Мне снилось, что мы наконец-то разговариваем, не притворяясь, раскрыв карты.
Мы немножко ссоримся, как всегда: Миколь утверждает, что у нас все началось в тот первый день, когда я и она, переполненные новым ощущением того, что мы вместе, что мы узнаем друг друга, сбежали от всех осматривать парк, а я возражаю, говоря, что ничего подобного, что все началось еще раньше, с телефонного разговора, в тот момент, когда она сказала, что стала «уродиной, старой девой с красным носом». Я ей, конечно, не поверил, ясное дело. Но она даже представить не может, какое страдание причинили мне эти слова. Все последующие дни, пока я ее не увидел, я все время вспоминал их и не находил покоя.
— Ну, может ты и прав, — соглашается при этих словах Миколь, с состраданием гладя мою руку. — Если мысль о том, что я стала уродиной с красным носом, тебе сразу так не понравилась, может быть, тогда ты и прав, признаю. Но теперь как нам быть? Мы не можем больше видеться под предлогом игры в теннис, а дома, видишь, всегда есть опасность, что нас застанет вода (видишь, как оно в Венеции?), в дом мне не стоит тебя впускать.
— Ну и не надо, зачем? — отвечаю я — Ты ведь в конце концов могла бы выходить из дома.
— Выходить, я? — восклицает она, широко распахивая глаза. — Ну-ка, послушаем, скажи мне, милый друг: выходить, но куда?
— Ну… не знаю… — неуверенно отвечаю я. — На Монтаньоне, например, на площадь Арми где-нибудь возле акведука, или же, если ты боишься себя скомпрометировать, на площадь Чертозы со стороны улицы Борсо. Туда все ходят гулять, ты прекрасно это знаешь. Не знаю, как твои, а мои родители туда ходили.
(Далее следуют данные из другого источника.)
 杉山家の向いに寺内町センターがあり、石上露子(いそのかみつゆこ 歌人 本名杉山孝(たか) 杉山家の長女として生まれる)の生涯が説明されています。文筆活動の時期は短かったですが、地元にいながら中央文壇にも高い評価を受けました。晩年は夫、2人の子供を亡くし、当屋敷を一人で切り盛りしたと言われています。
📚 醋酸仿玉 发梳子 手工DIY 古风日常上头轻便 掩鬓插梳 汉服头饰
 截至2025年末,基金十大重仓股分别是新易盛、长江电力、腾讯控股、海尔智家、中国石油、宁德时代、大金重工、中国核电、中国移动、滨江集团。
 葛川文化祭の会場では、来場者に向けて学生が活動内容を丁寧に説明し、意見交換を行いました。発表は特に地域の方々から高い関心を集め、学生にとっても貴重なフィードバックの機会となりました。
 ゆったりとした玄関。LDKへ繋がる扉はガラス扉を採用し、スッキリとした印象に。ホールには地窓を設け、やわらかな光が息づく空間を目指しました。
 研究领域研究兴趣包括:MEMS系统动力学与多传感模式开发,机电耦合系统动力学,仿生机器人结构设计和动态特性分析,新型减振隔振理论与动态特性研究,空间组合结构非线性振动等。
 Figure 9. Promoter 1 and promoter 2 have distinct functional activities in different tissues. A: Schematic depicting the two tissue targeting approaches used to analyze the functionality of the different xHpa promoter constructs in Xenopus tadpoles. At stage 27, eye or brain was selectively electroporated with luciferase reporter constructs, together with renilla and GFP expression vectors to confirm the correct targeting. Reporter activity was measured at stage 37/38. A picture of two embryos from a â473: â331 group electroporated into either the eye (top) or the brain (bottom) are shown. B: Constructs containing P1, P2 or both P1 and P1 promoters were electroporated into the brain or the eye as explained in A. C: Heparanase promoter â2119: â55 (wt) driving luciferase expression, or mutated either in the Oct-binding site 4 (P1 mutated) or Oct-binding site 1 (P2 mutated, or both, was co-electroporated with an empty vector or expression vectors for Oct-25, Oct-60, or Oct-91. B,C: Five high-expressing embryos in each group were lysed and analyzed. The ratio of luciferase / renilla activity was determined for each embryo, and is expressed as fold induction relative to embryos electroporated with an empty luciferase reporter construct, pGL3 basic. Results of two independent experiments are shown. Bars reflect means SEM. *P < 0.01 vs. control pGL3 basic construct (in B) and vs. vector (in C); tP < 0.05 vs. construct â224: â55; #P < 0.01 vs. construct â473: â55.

Прогуляться немного вместе, в конце концов, это ведь неплохо? Это же не значит предаваться любви? Это только первая ступенька, край пропасти. Но чтобы упасть в пропасть, отсюда еще падать и падать!
Я уже собираюсь добавить, что если ее не устраивает и площадь Чертозы, то тогда мы могли бы сесть на поезд, конечно, на разные поезда, и назначить свидание в Болонье. Но я замолкаю, у меня и во сне не хватает храбрости. К тому же она, качая головой и улыбаясь, уже заявляет мне, что все бесполезно, невозможно, «verbotten», она никогда не будет встречаться со мной ни дома и ни в саду. И вообще, весело подмигивает она, после того как она показала мне все свои самые сокровенные, самые тайные места, дорогие «духу родного леса», я, оказывается, собираюсь везти ее в Болонью? Да, в Болонью, наверное, в какую-нибудь ужасную большую гостиницу, вроде тех, которые так любила бабушка Жозетт, в Брун или в Бальони, где нужно будет прежде всего предъявить наши замечательные абсолютно одинаковые документы о расовой неполноценности.